__The records__.
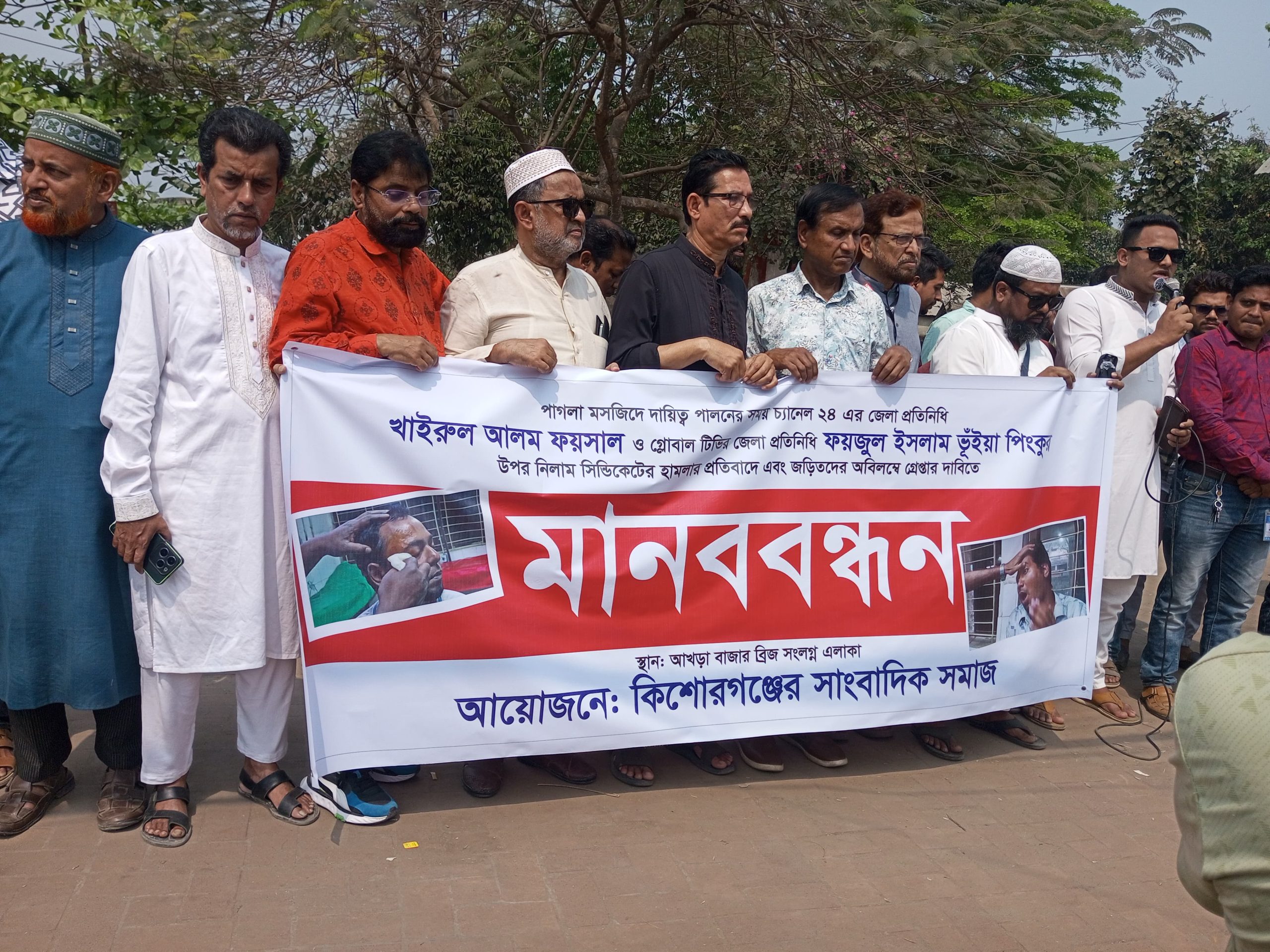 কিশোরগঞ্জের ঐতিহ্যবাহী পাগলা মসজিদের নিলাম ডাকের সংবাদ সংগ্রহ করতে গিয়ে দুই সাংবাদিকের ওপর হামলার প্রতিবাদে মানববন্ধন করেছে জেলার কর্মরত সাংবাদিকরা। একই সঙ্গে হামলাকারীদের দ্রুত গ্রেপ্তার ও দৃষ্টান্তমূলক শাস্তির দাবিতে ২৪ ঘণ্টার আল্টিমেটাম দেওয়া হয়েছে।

* * *

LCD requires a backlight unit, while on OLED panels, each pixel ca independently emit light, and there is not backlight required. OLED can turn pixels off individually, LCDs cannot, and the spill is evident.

...

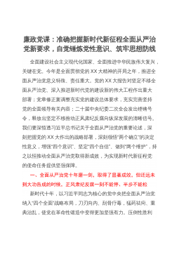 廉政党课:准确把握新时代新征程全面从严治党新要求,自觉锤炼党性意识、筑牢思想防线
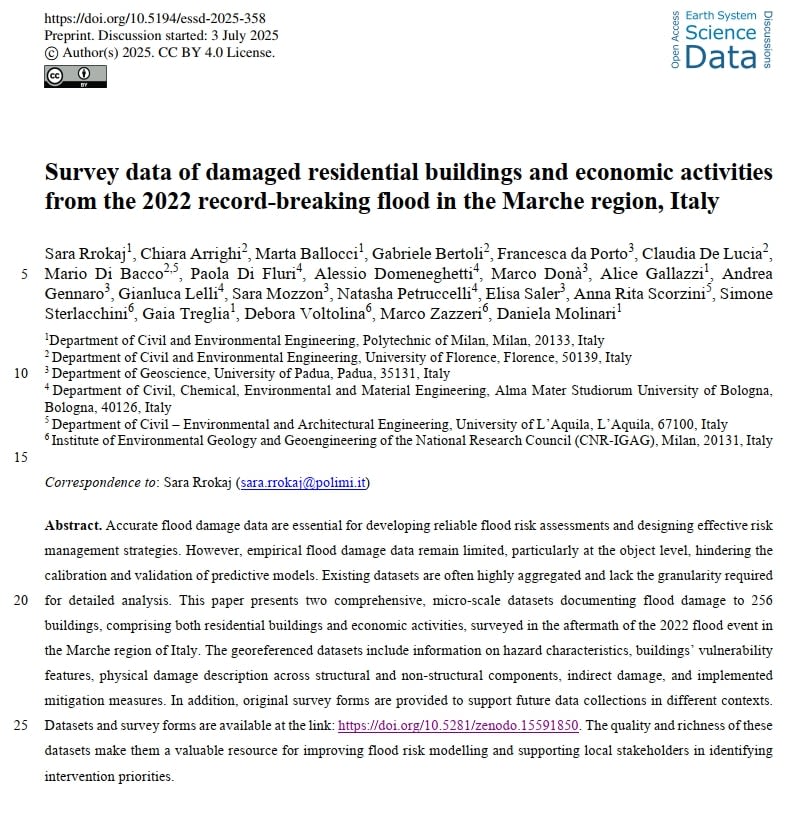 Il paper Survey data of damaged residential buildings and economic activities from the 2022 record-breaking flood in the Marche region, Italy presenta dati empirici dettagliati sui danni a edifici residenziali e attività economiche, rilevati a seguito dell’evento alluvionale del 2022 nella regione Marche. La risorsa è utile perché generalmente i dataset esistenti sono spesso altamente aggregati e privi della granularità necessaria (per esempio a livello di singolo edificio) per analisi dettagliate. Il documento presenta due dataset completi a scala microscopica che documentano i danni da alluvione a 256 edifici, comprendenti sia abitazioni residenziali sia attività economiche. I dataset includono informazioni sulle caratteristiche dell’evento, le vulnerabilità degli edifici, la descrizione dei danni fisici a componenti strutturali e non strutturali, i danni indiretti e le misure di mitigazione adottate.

__What is required__. Going back to the data above, write out everything from the line with "廉政党课:准确把握新时代新征" down to the line with "Il paper Survey", both included, leaving every picture out.

__Expected answer__.
 廉政党课:准确把握新时代新征程全面从严治党新要求,自觉锤炼党性意识、筑牢思想防线
 Il paper Survey data of damaged residential buildings and economic activities from the 2022 record-breaking flood in the Marche region, Italy presenta dati empirici dettagliati sui danni a edifici residenziali e attività economiche, rilevati a seguito dell’evento alluvionale del 2022 nella regione Marche. La risorsa è utile perché generalmente i dataset esistenti sono spesso altamente aggregati e privi della granularità necessaria (per esempio a livello di singolo edificio) per analisi dettagliate. Il documento presenta due dataset completi a scala microscopica che documentano i danni da alluvione a 256 edifici, comprendenti sia abitazioni residenziali sia attività economiche. I dataset includono informazioni sulle caratteristiche dell’evento, le vulnerabilità degli edifici, la descrizione dei danni fisici a componenti strutturali e non strutturali, i danni indiretti e le misure di mitigazione adottate.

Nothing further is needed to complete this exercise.